> [Exercise requirements]: No pictures go into the copy. Write out exactly the lines below from the one containing "Montadora de nata" through the one containing "UPGRADED 808602302 5304535768".

> [The data]:

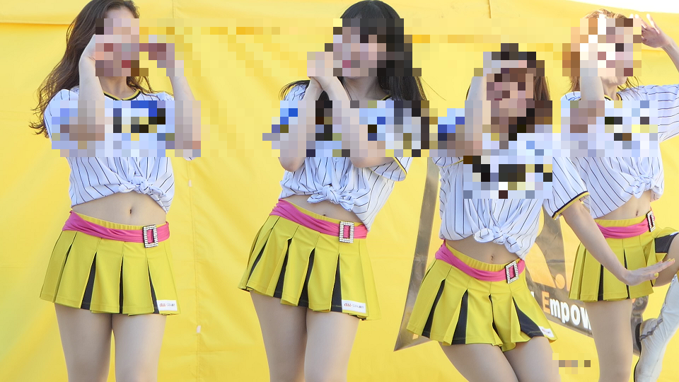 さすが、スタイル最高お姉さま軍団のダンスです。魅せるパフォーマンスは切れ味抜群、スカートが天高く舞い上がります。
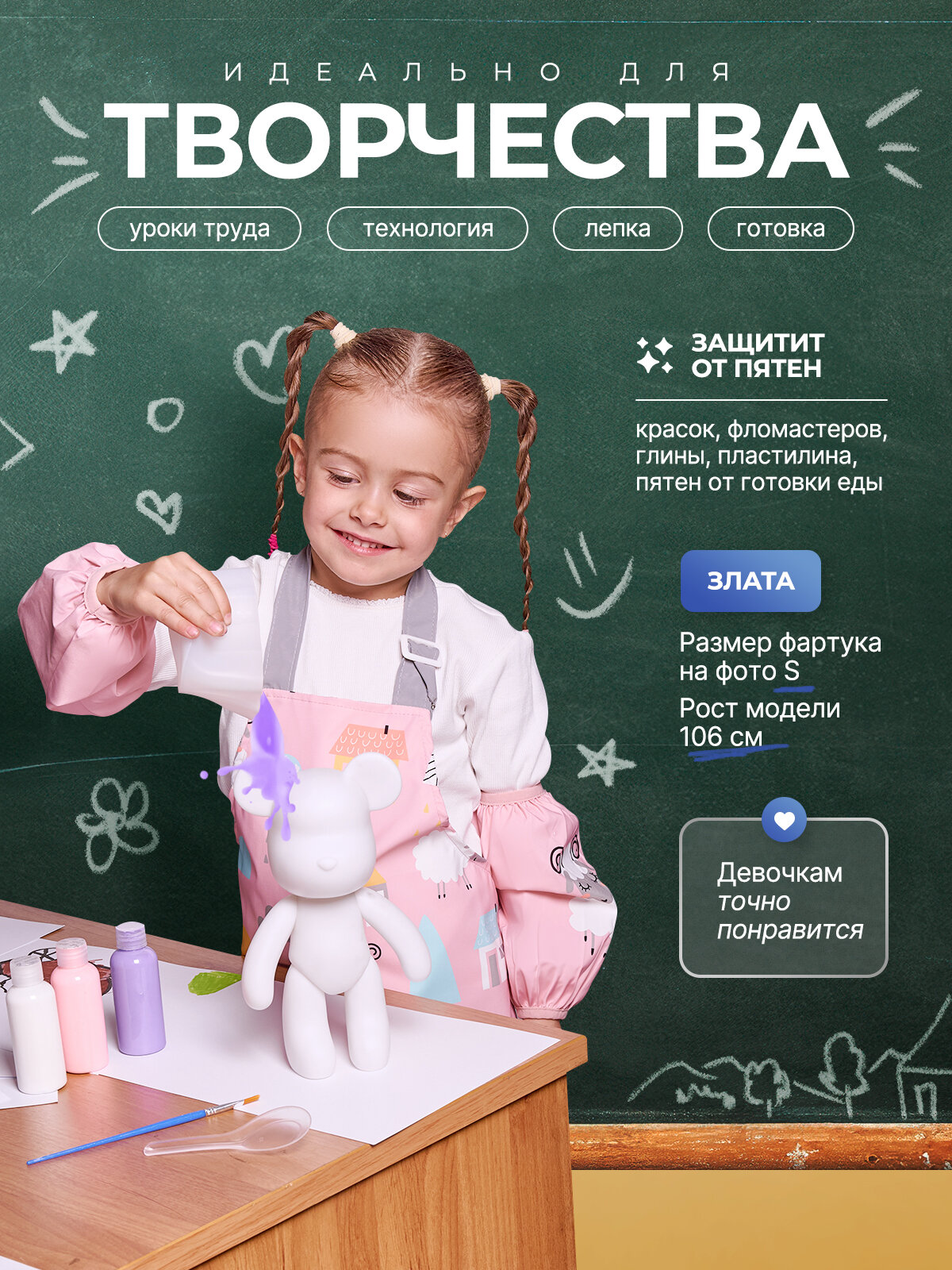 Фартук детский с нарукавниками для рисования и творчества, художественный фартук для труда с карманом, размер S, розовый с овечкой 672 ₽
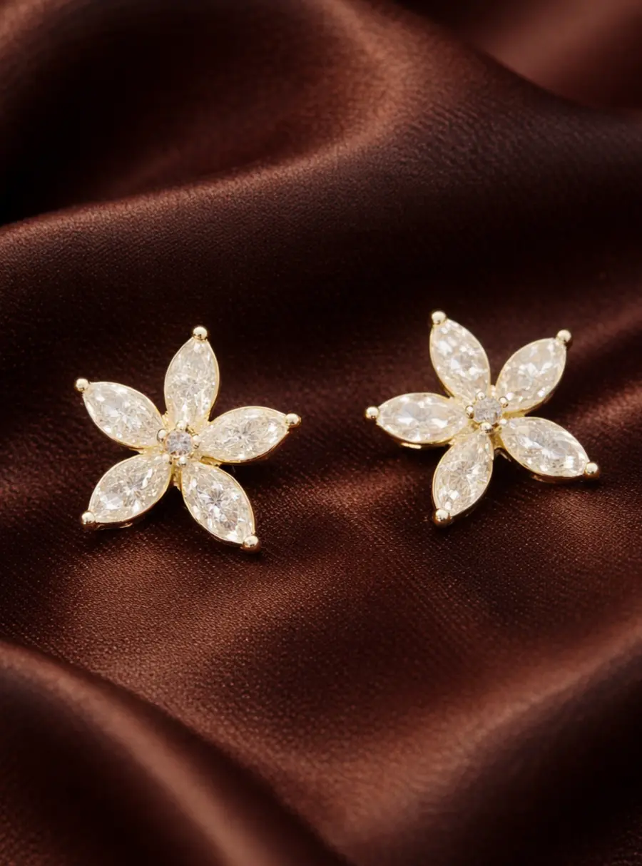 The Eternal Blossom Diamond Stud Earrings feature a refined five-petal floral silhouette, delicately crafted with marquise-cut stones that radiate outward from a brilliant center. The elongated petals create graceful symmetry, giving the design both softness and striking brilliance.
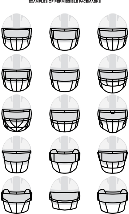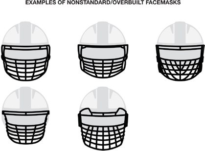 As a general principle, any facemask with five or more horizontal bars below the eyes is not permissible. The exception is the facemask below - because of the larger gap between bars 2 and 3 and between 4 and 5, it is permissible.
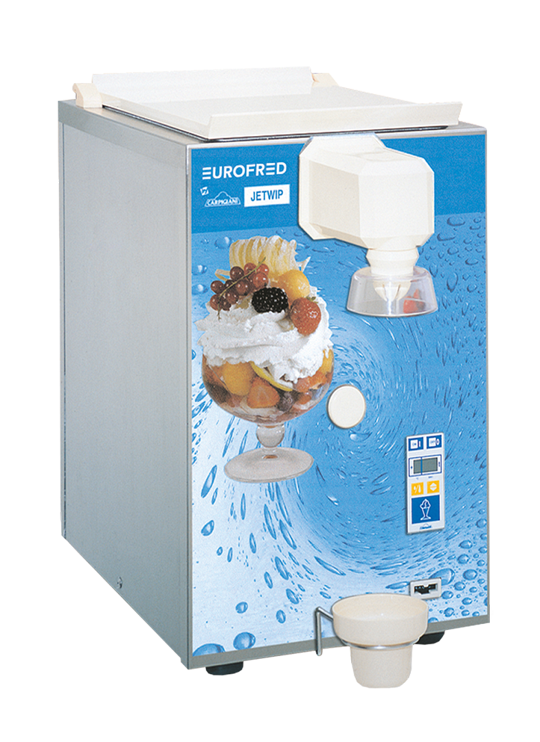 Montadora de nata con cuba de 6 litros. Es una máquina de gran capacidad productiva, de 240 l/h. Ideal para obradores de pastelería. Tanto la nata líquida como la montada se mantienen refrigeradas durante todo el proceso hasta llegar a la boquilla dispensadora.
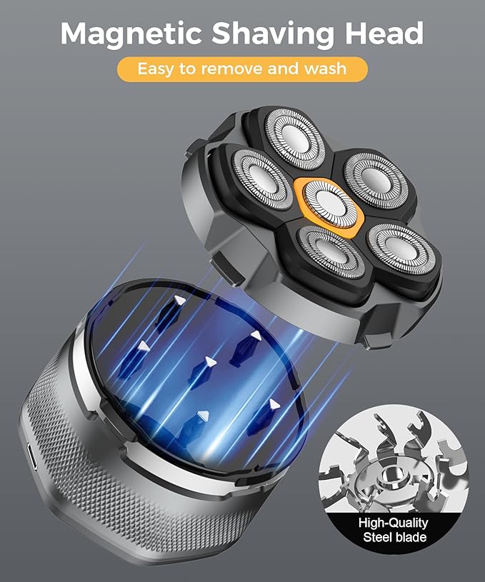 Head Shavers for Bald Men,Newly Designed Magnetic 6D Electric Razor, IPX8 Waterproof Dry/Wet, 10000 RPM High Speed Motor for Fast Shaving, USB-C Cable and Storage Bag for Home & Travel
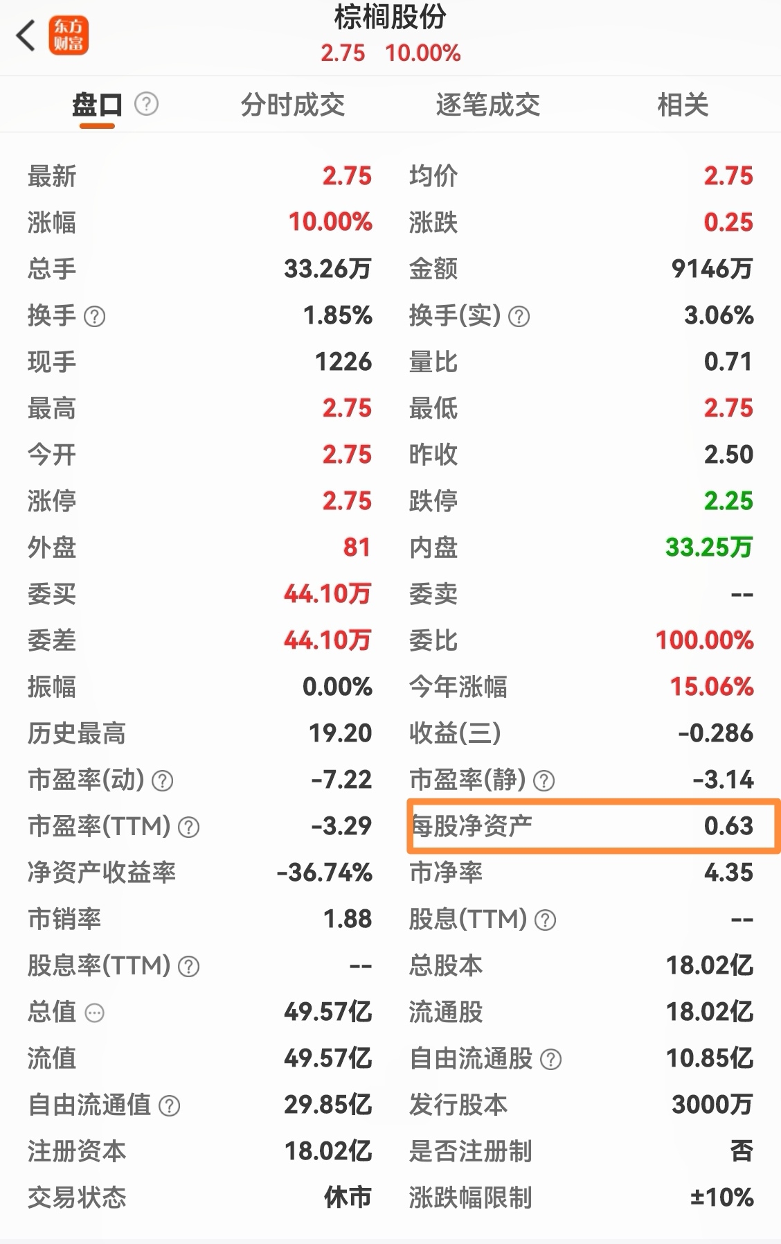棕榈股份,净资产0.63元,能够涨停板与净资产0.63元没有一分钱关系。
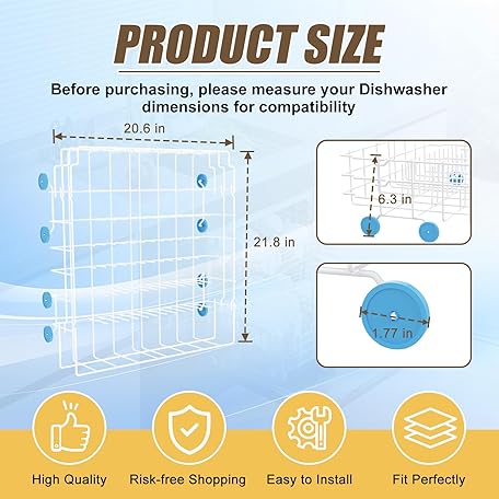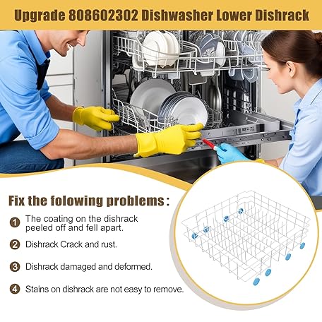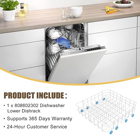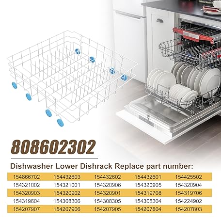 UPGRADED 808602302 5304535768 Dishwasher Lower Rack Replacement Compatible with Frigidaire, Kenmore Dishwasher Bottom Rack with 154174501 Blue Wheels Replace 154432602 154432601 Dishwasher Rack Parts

...

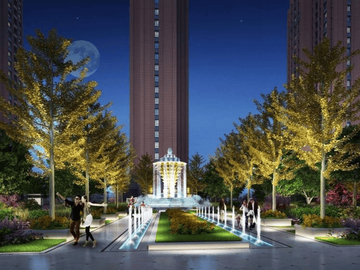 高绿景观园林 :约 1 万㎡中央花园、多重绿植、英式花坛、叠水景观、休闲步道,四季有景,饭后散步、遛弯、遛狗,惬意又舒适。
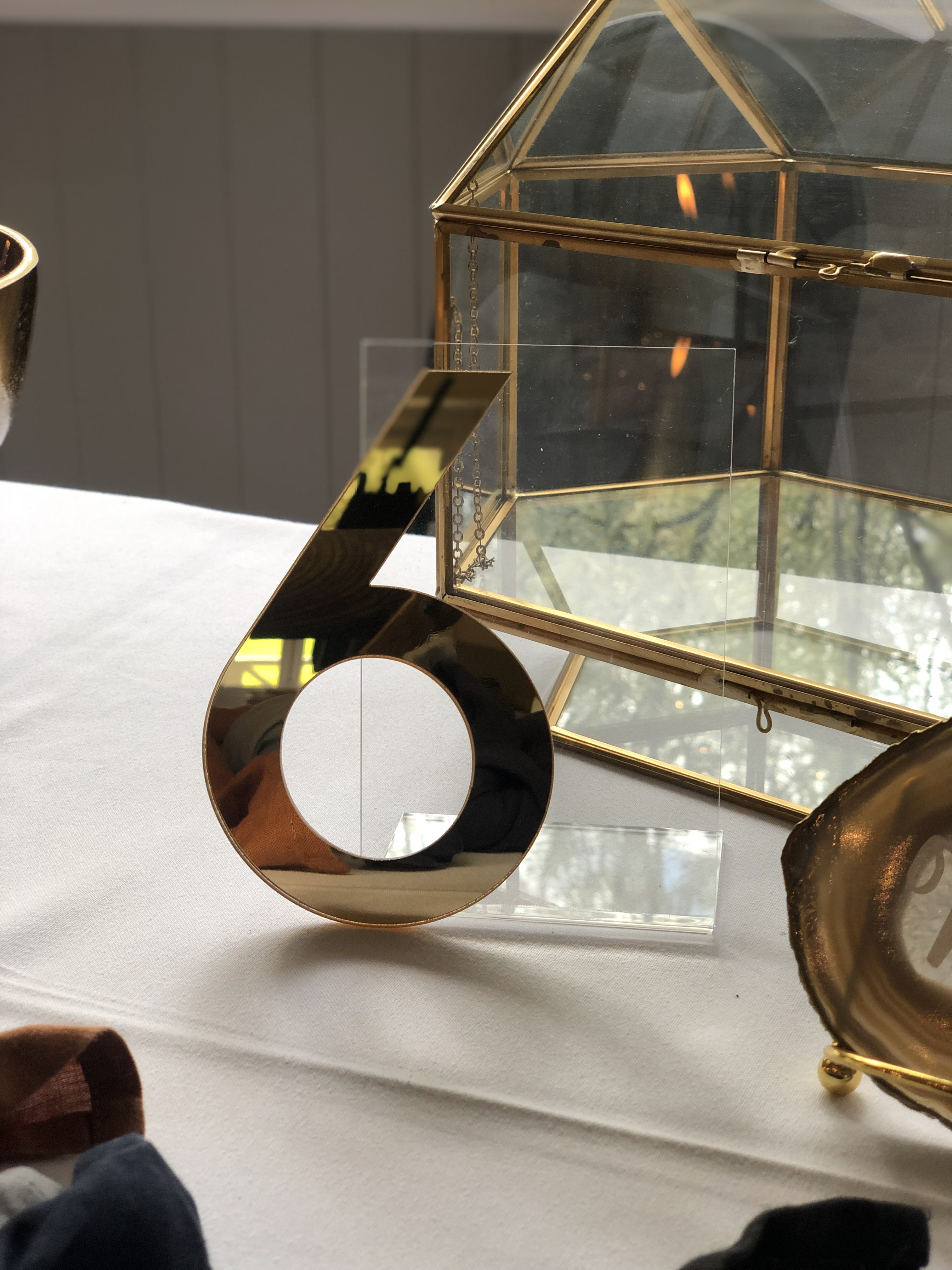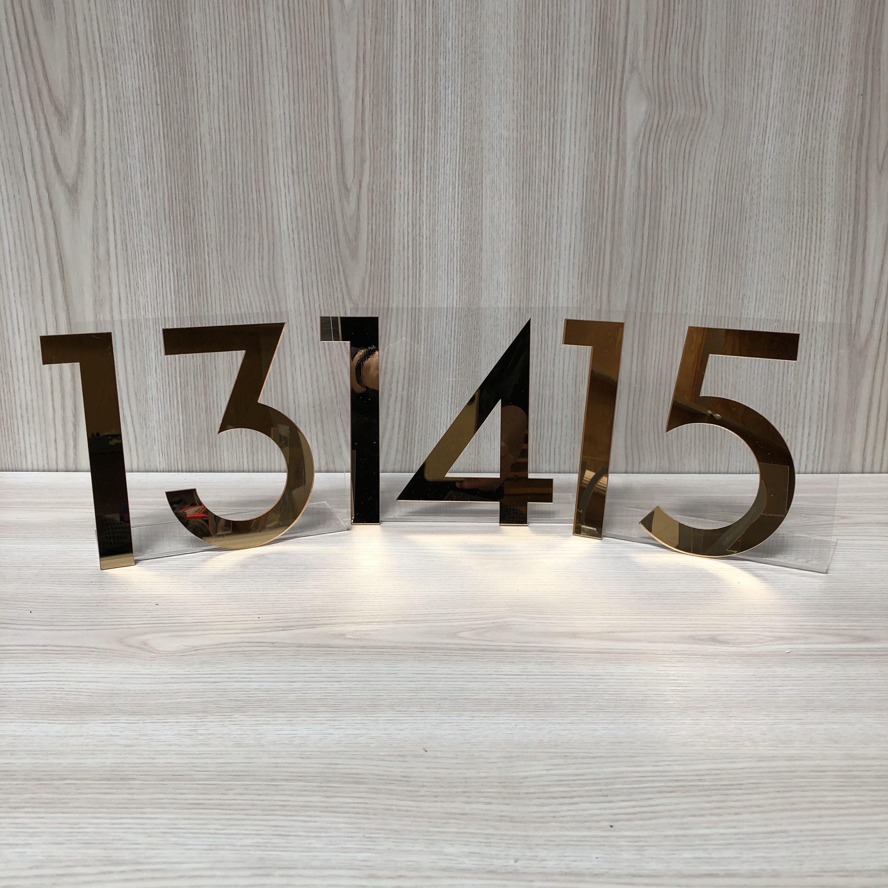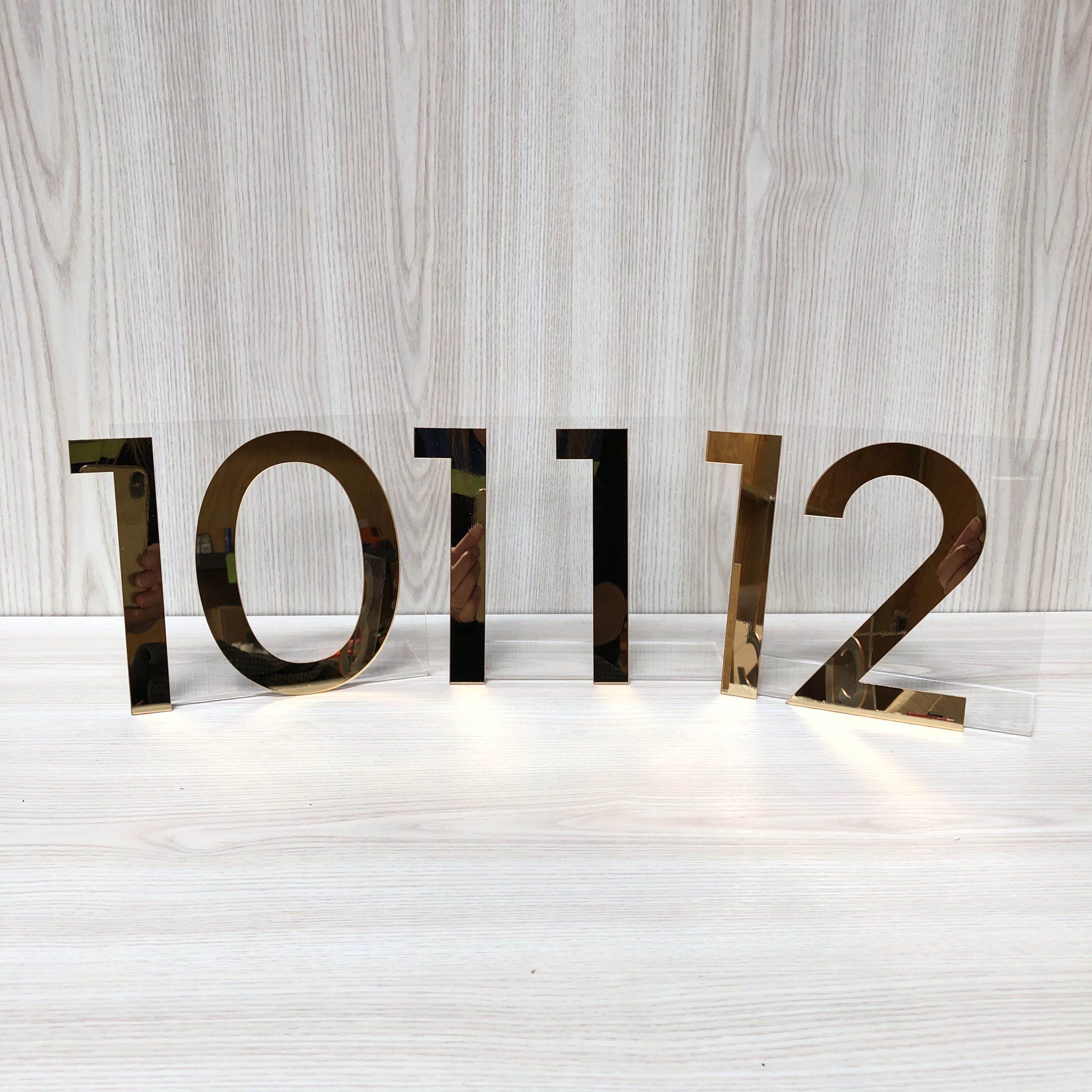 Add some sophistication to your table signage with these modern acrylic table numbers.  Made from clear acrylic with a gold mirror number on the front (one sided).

> [Response]:
 Montadora de nata con cuba de 6 litros. Es una máquina de gran capacidad productiva, de 240 l/h. Ideal para obradores de pastelería. Tanto la nata líquida como la montada se mantienen refrigeradas durante todo el proceso hasta llegar a la boquilla dispensadora.
 Head Shavers for Bald Men,Newly Designed Magnetic 6D Electric Razor, IPX8 Waterproof Dry/Wet, 10000 RPM High Speed Motor for Fast Shaving, USB-C Cable and Storage Bag for Home & Travel
棕榈股份,净资产0.63元,能够涨停板与净资产0.63元没有一分钱关系。
 UPGRADED 808602302 5304535768 Dishwasher Lower Rack Replacement Compatible with Frigidaire, Kenmore Dishwasher Bottom Rack with 154174501 Blue Wheels Replace 154432602 154432601 Dishwasher Rack Parts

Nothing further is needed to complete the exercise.